# Proving Determinant of Unitary Matrix is Complex Number of Unit Modulus

• skrtic
In summary, the conversation discusses finding the determinant of a unitary matrix, which is a complex number with unit modulus. The expression for the modulus of a complex number is given, and the steps for finding the determinant of a unitary matrix are explained. The conversation also includes a student's attempt at solving the problem and receiving guidance.
skrtic
SOLVED

1. show that the determinant of a unitary matrix is a complex number of unit modulus

2. i know the equation for a determinant, but i guess to i am not sure what a complex number of unit modulus is either. I'm looking for guidance

Last edited:
skrtic said:
but i guess to i am not sure what a complex number of unit modulus is either. I'm looking for guidance

The modulus of a complex number $z=x+iy$, where $x$ and $y$ are real numbers representing the projections of $z$ onto the real and imaginary axes respectfully, is simply given by $|z|=\sqrt{x^2+y^2}$.

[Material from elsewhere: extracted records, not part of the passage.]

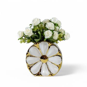 Ваза керамічна Ромашка біла із золотом 20,8 см
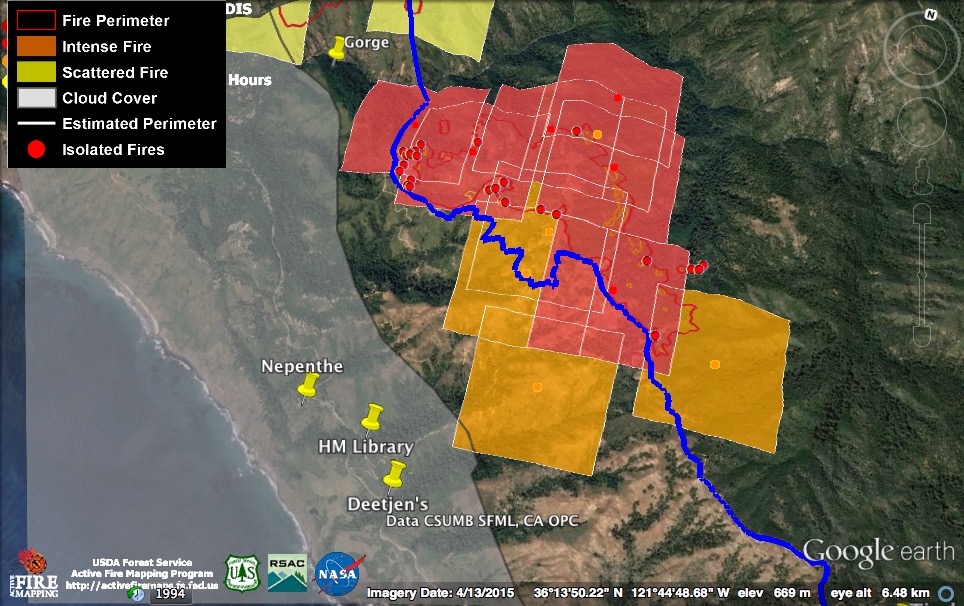 Keith….thanks for the visuals and detailed text. As a Big Sur ex-pat, currently living in N Texas, but with my heart and soul still alive in Big Sur, I am watching with great interest and concern, and availing myself of all resources to track this beast. Thanks for keeping me informed. Appreciate it.
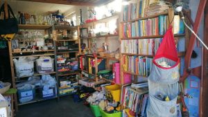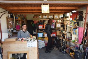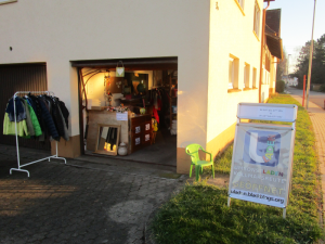 Freitagmittag in einem Hof in der Grundackerstraße. Die Garage ist geöffnet. Der zweieinhalb auf fünf Quadratmeter große Raum gleich einem kleinen Lädchen. Neben einer Theke stehen Holzregale. Darin erblickt man Bücher, Spielsachen, Kleider, Haushaltswaren und sogar Lebensmittel …
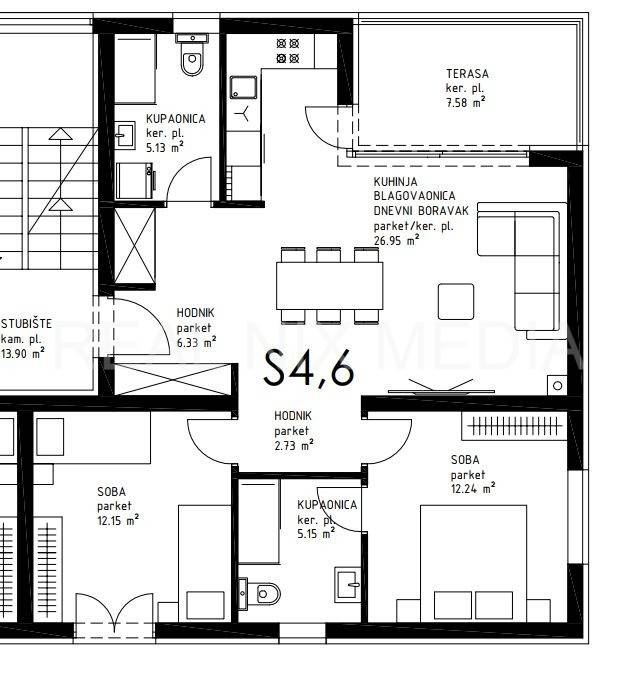NOVOGRADNJA! Zgrada sa ukupno šest stambenih jedinica na izuzetno mirnoj lokaciji, zgrada se nalazi u slijepoj ulici, 600 m do mora i pješčane plaže. Predmetni stan oznake S6 nalazi se na drugom katu stambene zgrade te se sastoji od kuhinje, blagovaonice i dnevnog boravka sa izlazom na terasu, dvije spavaće sobe, dvije kupaonice te predsoblja. Stanu pripada jedno vanjsko parkirno mjesto. Svaka prostorija ima svoju klima uređaj, podno grijanje u kupaonicama i dnevnom boravku, PVC stolarija sa elektro roletama i komarnicima, termoizolacija stiropor 8 cm.. Uredna dokumentacija. Predviđeni rok završetka: ljeto, 2025. godine.
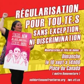 En cette période électorale au Québec, nous appelons tous et toutes les travailleurs.euses, tous et toutes les migrant.e.s et toutes les personnes dans la province qui croient en la dignité, l’égalité et la justice à soutenir un programme de régularisation complet, qui inclut toutes les personnes sans statut. Le populisme raciste et xénophobe n’a pas sa place au Québec et il ne doit pas empêcher le gouvernement provincial de soutenir la régularisation de TOUTES les personnes migrantes sans statut. Nous avons une occasion historique de nous opposer au racisme systémique et de défendre ensemble la dignité humaine et l’égalité. Nous devons la saisir.
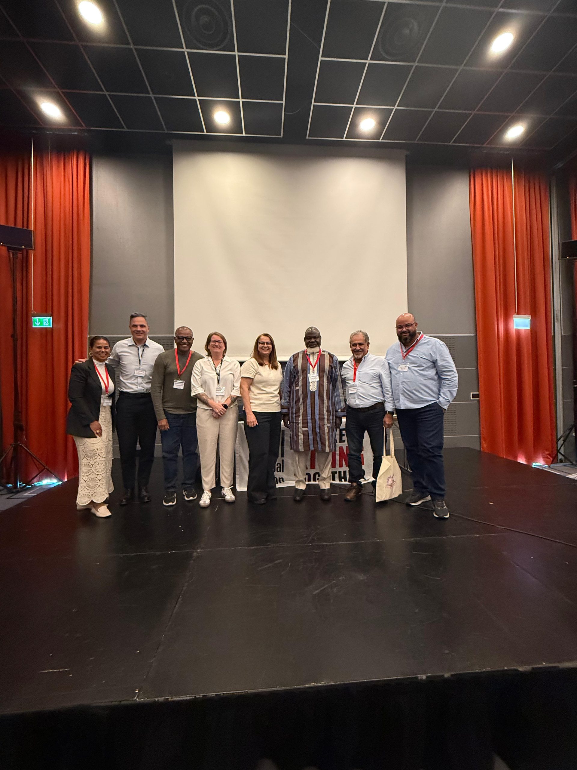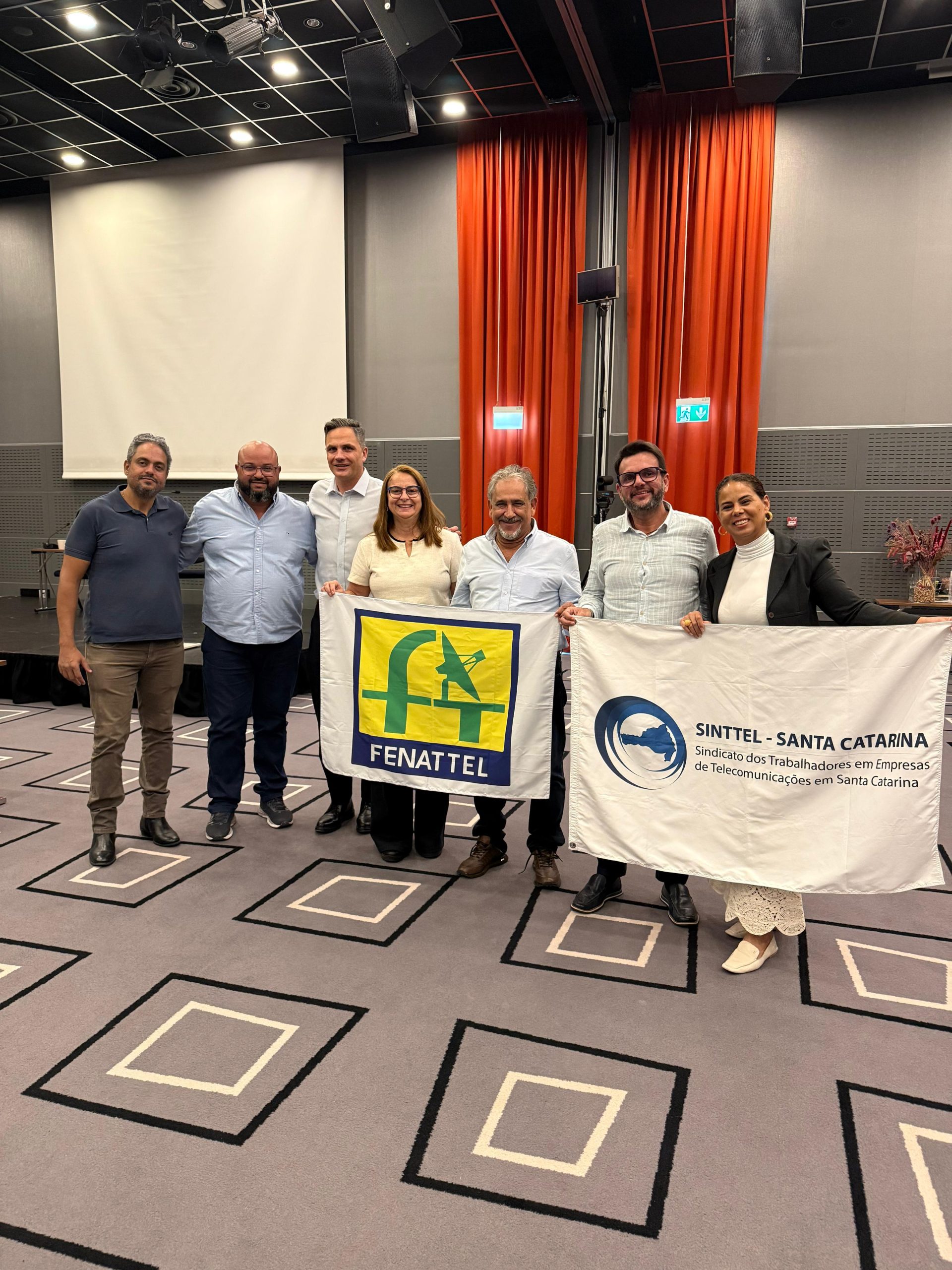 A delegação brasileira foi composta por Rogério Soares, presidente do SINTTEL-SC; Gabriela Cordeiro, diretora do Sinttel-SC; Gilberto Dourado, presidente do SINTETEL; Cristiane do Nascimento, vice-presidenta da FENATTEL; e Divino da Silva e Fagner Tavares, do Sinttel-GO.
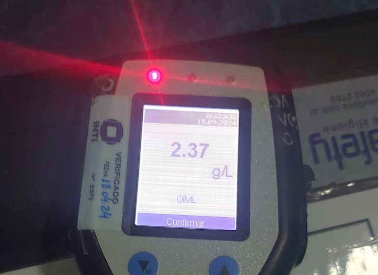 Tras unos minutos de resistencia, el conductor accedió a realizar la prueba de alcoholemia, la cual arrojó un resultado positivo de 2.37 gramos de alcohol por litro de sangre, muy por encima del límite permitido por la Ley 24.449, artículo 72 inciso A.

So a complex number with unit modulus is simply a complex number $z$ such that $|z|=\sqrt{x^2+y^2}=1$.

To find the determinant of a unitary matrix, start with the definition of unitary matrices (in the form of an equation) and take the determinant of both sides of the equation.

well my problem gives the matrix of [[a,b][c,d]] and gives the det([[a,b][c,d]])=ad-bc

then states the question i gave above.

i read that the |det(unitary matrix)|=1, but isn't that what i am trying to solve for.

and i am not sure if i have seen the definition of unitary matrices in the form of an equation.

right now this is for a high level undergrad quantum course which i have to take self paced and this is my first hurdle.

this is my attempt i just thought about. call the matrix R

abs(det(R x R*))=1 since R x R* is I and det(I) = 1

and then abs(det(R) x det(R*))=1

and i get to a^2d^2+b^2c^2=1

but i don't know if that does anything for me

skrtic said:
this is my attempt i just thought about. call the matrix R

abs(det(R x R*))=1

You seem to be starting with the result you are trying to prove...looks like circular logic to me...

since R x R* is I

This is the definition of a unitary matrix, and this is what you should start with.

So start with $$RR^{*}=I$$ and take the determinant of both sides...their is a rule for taking the determinant of a product of matrices, and a rule for taking the determinant of the conjugate transpose of a matrix...use those rules!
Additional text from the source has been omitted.